After Russian forces were pushed of the region last autumn, investigators exhumed ’50 to 60′ bodies a day, and Ukraine’s secret service are now hunting down the Russian troops who committed the sickening war crimes in Izium. 

One investigating officer said: ‘What the Russian military has done, it is against humanity, against Ukraine, against Ukrainians, and could be called genocide.’

The secret service are looking to shed light on what happened to the civilians of the region. 

Two service officials have been searching for relatives and possible DNA matches with those who were buried in the Izium forest, in an attempt to bring closure to the thousands in the city who lost loved ones, including Halyana Zhykhareva. 

451 bodies were buried in a forest near Izium, north-east Ukraine, after Russian forces occupied the region

Many bodies were unidentified, leaving many in Izium not knowing what happened to their loved ones

The great-grandmother lost several members of her family, including two young girls ages six and nine, when a 500kg bomb levelled the apartment block they lived in.

’52 people died.

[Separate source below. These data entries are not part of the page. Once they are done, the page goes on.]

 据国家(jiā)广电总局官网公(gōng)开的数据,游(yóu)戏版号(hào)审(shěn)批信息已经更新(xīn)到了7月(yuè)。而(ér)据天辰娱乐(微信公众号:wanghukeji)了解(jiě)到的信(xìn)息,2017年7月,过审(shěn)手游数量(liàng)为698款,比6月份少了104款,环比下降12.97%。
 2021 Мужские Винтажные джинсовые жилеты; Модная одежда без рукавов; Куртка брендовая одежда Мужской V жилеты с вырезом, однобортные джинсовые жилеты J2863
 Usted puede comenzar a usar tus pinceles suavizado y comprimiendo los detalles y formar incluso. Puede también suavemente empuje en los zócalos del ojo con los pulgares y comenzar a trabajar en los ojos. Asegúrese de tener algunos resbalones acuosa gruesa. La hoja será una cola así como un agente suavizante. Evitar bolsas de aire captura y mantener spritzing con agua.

My whole family was there.’she quietly said. 

Their bodies lay in the rubble for months before they could be recovered and given makeshift burials, and it’s only now that she has been able to bury them with dignity. 

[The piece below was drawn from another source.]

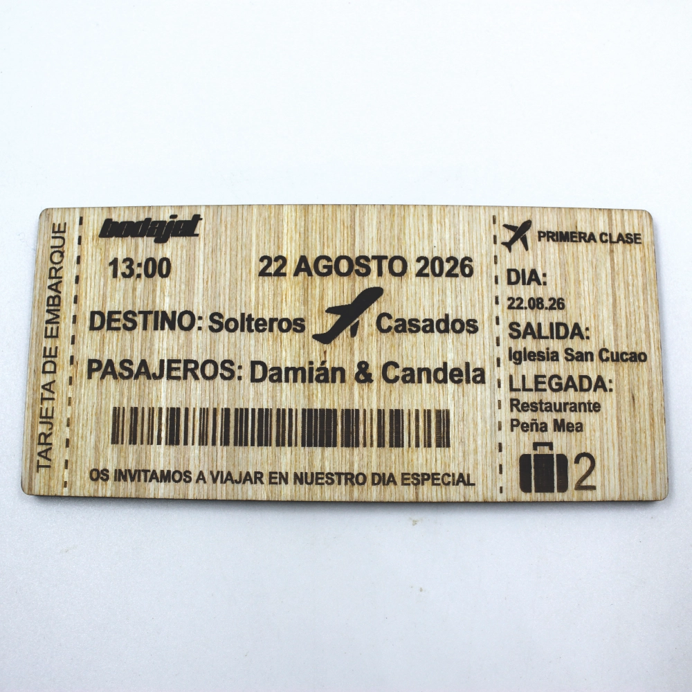 ¡Vuestro amor despega! Sorprended a todos con una invitación de boda con forma de tarjeta de embarque de avión. Fabricada en madera y personalizada con todos los detalles de vuestro enlace, es el comienzo ideal para la mayor aventura de vuestras vidas.

The hunt for the perpetrators of the long, drawn-out massacre at Izium is being documented in a new film, The Grave. 

Allie Wharf, who produced and directed The Grave, said: ‘This war is unlike many others that I’ve covered. 

‘In many cities away from the front line the Ukrainians are trying to live ’normal’ lives, to rebuild as things are destroyed but the terror and sadness and grief and anger and despair are just below the surface. 

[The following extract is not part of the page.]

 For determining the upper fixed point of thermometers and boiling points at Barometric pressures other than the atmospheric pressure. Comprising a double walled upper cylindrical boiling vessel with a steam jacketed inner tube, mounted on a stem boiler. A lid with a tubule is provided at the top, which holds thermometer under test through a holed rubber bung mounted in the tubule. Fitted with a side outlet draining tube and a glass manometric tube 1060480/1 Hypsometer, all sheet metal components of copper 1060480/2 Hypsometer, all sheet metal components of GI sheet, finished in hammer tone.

‘Witnessing the bravery and professionalism of my young colleagues in Ukraine has been an outstanding experience in my filmmaking career and to hear from them, that the act of filmmaking, working, reporting their country’s suffering has saved them from despair is a testament to the power of that undertaking.’

The documentary, which will be shown on ITV1 on November 6 at 10:45 pm, comes as the 20-month mark of Russia’s invasion of Ukraine ticks by and hundreds of alleged war crimes have been documented. 

The bodies of Izium’s residents lay in the rubble for months before they could be recovered

Halyana Zhykhareva (pictured) lost several members of her family, including her great-granddaughters, ages six and nine

Earlier this week, the BBC reported that nine people, including two young children, were shot dead in their home in the Russian-occupied town of Volnovakha. 

Ukrainian officials believe Russian soldiers killed the whole Kapkanets family on Friday for not handing over their home. 

Ukrainian ombudsman Dmytro Lubinets said on Monday that ‘Russians’ bloodied hands were involved’ in the Volnovakha killings.

‘According to preliminary information, the occupiers have killed the whole of the Kapkanets family, who were celebrating a birthday and who had refused to hand their own house over to occupiers from Chechnya,’ he said on Telegram.

Both Russia and Ukraine are investigating the horrific incident. 

The conflict, the bloodiest on European soil in decades, has seen hundreds of thousands of soldiers injured and killed on both sides. 

The Wall Street Journal reported in August that up to 50,000 amputations needed to be performed on Ukrainian civilians and soldiers. 

By contrast, 41,000 British soldiers needed to be amputated during the whole of World War I. 

Doctors in Ukraine blamed Russia’s heavy use of landmine that it laid on its frontlines, as well as the heavy use of artillery and missiles.